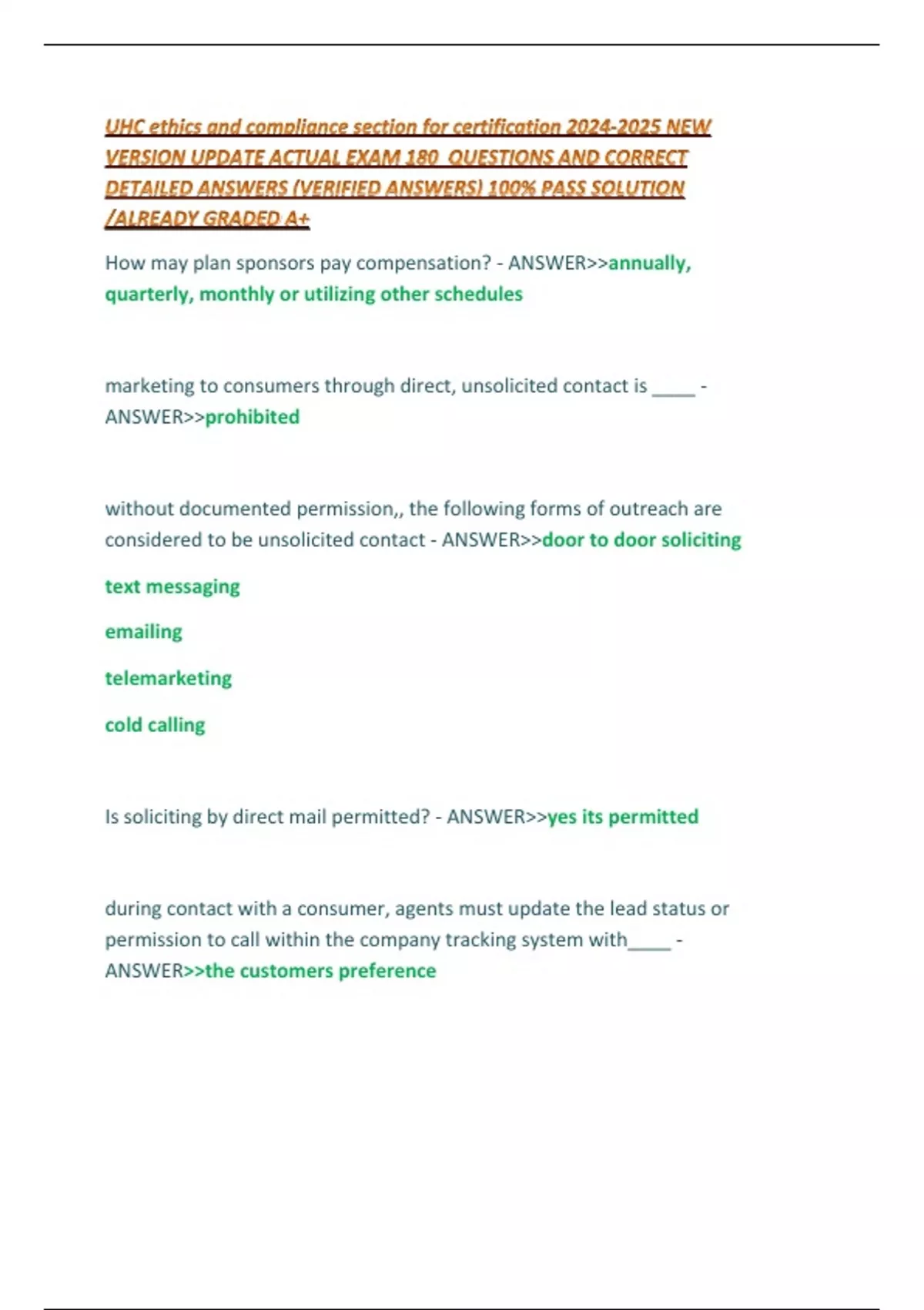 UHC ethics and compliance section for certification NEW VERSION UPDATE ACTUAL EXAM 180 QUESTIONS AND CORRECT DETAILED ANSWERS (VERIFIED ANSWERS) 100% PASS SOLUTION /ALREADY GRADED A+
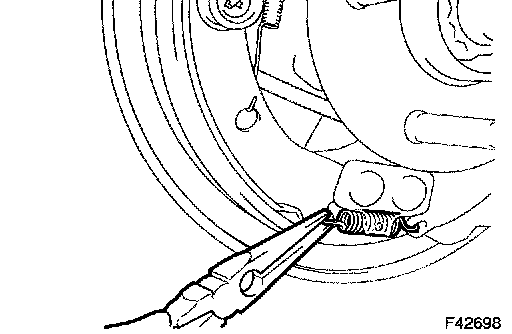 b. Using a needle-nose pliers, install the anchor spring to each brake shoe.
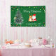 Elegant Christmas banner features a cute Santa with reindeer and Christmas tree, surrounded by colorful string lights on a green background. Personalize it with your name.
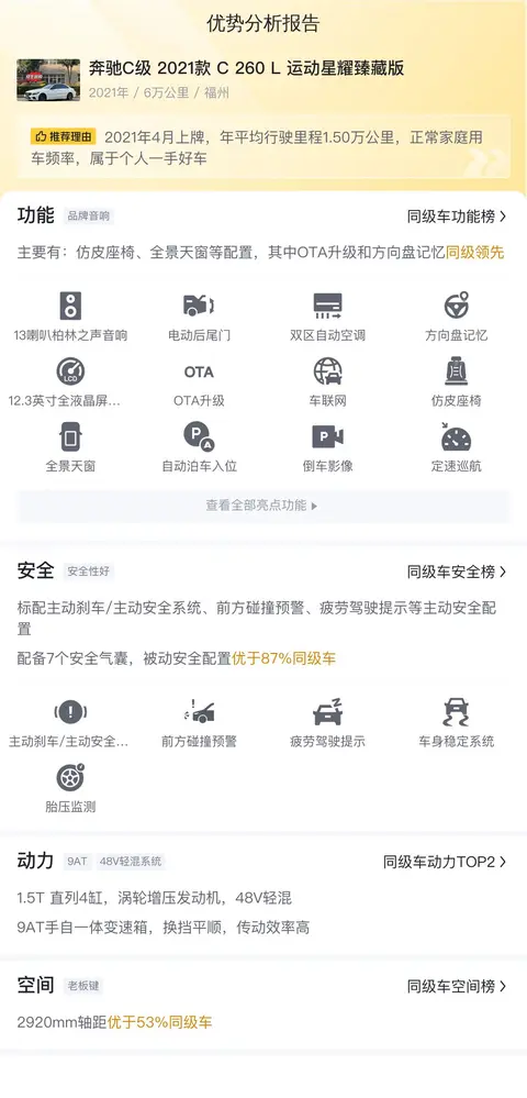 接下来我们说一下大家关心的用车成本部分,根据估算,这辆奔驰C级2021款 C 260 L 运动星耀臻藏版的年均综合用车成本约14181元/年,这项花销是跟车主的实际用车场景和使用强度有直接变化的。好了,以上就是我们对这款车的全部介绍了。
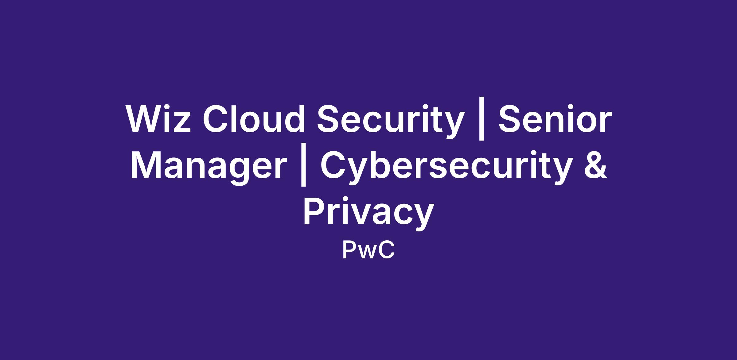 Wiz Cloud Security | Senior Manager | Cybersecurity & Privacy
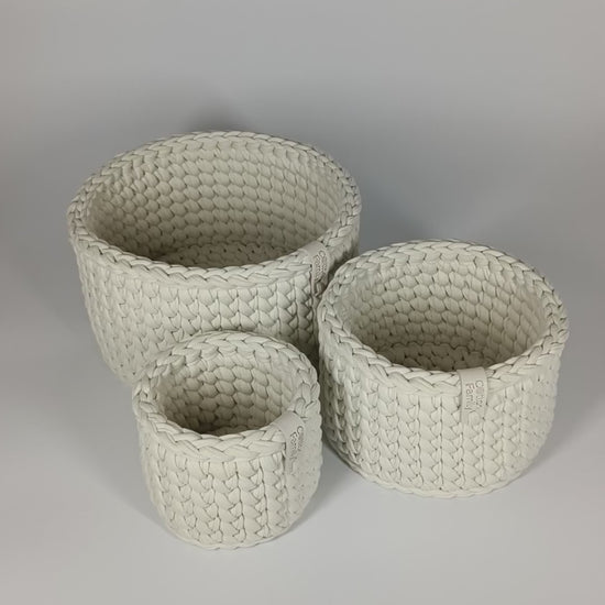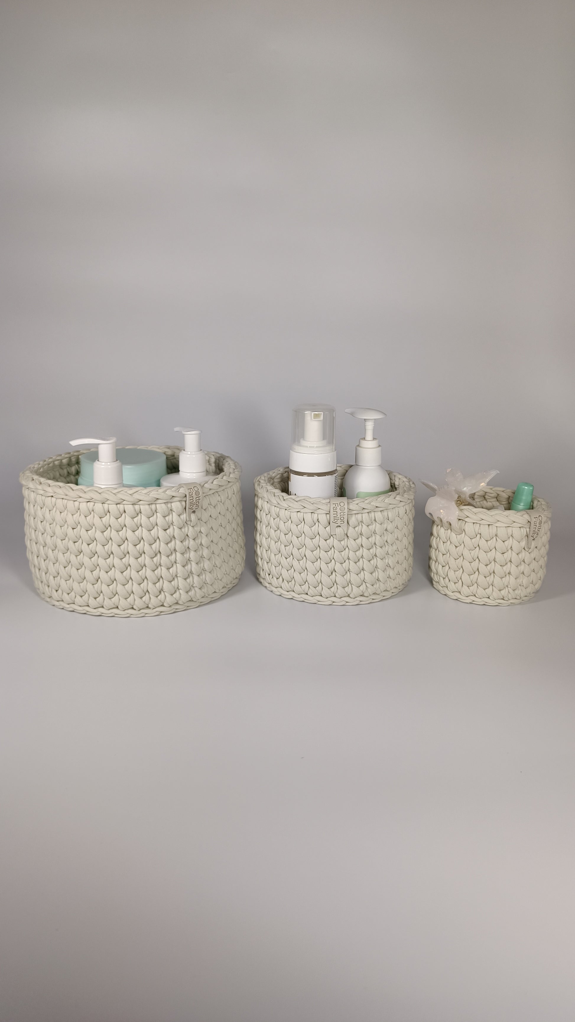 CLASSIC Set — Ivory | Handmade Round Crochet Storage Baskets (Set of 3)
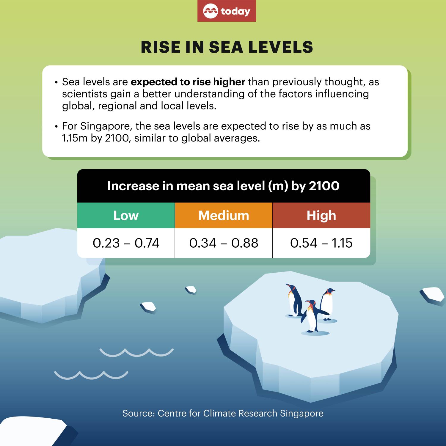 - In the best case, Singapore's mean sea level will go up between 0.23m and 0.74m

◇ ◇ ◇ ◇ ◇ ◇ ◇

■ Exercise description ■
Each line of the records above must be repeated exactly, but no picture belongs in the copy.

■ Response box ■
 UHC ethics and compliance section for certification NEW VERSION UPDATE ACTUAL EXAM 180 QUESTIONS AND CORRECT DETAILED ANSWERS (VERIFIED ANSWERS) 100% PASS SOLUTION /ALREADY GRADED A+
 b. Using a needle-nose pliers, install the anchor spring to each brake shoe.
 Elegant Christmas banner features a cute Santa with reindeer and Christmas tree, surrounded by colorful string lights on a green background. Personalize it with your name.
 接下来我们说一下大家关心的用车成本部分,根据估算,这辆奔驰C级2021款 C 260 L 运动星耀臻藏版的年均综合用车成本约14181元/年,这项花销是跟车主的实际用车场景和使用强度有直接变化的。好了,以上就是我们对这款车的全部介绍了。
 Wiz Cloud Security | Senior Manager | Cybersecurity & Privacy
 CLASSIC Set — Ivory | Handmade Round Crochet Storage Baskets (Set of 3)
 - In the best case, Singapore's mean sea level will go up between 0.23m and 0.74m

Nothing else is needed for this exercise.